Work task |
Using the data that follows, give again word for word the lines between the one holding "Adorable sleepy sloth" and the one holding "Bright and airy", inclusive. Omit the pictures.

═════ Exercise materials ═════

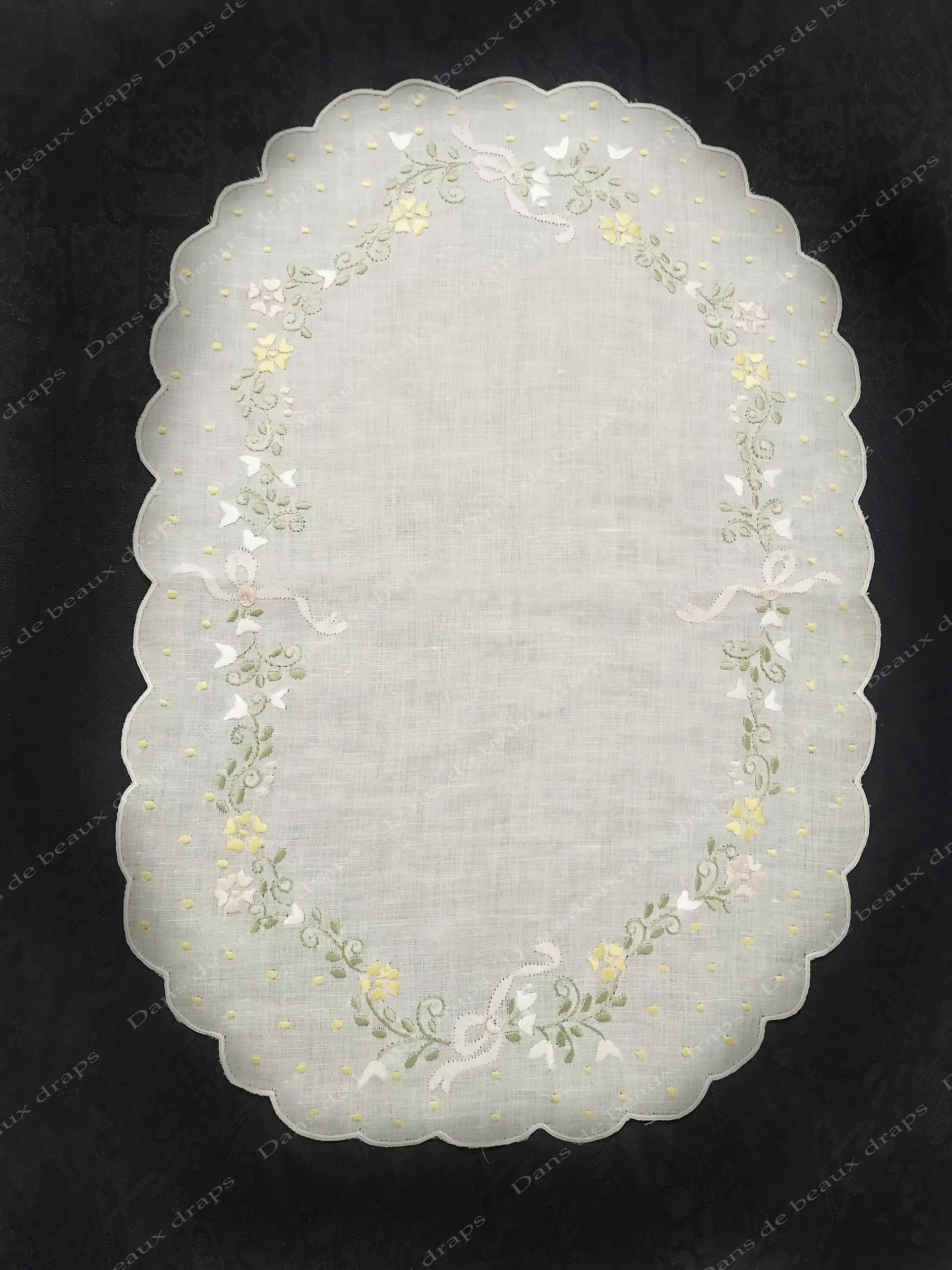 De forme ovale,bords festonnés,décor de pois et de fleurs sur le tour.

═════
═════ Exercise materials ═════

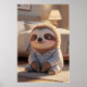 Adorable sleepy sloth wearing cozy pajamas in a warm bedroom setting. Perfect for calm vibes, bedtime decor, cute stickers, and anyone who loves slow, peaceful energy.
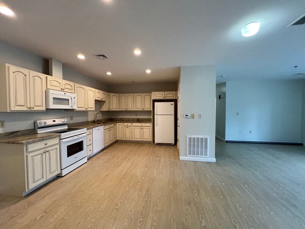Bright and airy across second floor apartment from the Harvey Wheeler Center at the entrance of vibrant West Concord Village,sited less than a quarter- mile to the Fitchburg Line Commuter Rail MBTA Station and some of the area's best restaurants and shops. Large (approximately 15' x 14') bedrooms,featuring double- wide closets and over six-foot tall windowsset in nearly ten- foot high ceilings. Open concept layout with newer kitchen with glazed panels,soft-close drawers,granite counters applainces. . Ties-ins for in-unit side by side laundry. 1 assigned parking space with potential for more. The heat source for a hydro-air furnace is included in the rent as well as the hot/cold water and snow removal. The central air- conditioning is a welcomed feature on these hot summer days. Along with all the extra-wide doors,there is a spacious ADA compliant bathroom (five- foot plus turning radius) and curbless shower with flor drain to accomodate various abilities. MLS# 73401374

═════
═════ Exercise materials ═════

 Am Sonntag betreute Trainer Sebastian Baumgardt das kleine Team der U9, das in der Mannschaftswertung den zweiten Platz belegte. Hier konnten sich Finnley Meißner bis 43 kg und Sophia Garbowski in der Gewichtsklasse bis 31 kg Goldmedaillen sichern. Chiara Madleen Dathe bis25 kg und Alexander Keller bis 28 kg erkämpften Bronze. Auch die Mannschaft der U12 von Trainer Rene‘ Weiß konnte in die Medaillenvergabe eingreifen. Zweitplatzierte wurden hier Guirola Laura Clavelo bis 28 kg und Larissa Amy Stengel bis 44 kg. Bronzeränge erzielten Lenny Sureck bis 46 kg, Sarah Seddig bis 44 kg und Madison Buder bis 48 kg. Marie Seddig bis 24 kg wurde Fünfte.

═════

Answer section |
 Adorable sleepy sloth wearing cozy pajamas in a warm bedroom setting. Perfect for calm vibes, bedtime decor, cute stickers, and anyone who loves slow, peaceful energy.
Bright and airy across second floor apartment from the Harvey Wheeler Center at the entrance of vibrant West Concord Village,sited less than a quarter- mile to the Fitchburg Line Commuter Rail MBTA Station and some of the area's best restaurants and shops. Large (approximately 15' x 14') bedrooms,featuring double- wide closets and over six-foot tall windowsset in nearly ten- foot high ceilings. Open concept layout with newer kitchen with glazed panels,soft-close drawers,granite counters applainces. . Ties-ins for in-unit side by side laundry. 1 assigned parking space with potential for more. The heat source for a hydro-air furnace is included in the rent as well as the hot/cold water and snow removal. The central air- conditioning is a welcomed feature on these hot summer days. Along with all the extra-wide doors,there is a spacious ADA compliant bathroom (five- foot plus turning radius) and curbless shower with flor drain to accomodate various abilities. MLS# 73401374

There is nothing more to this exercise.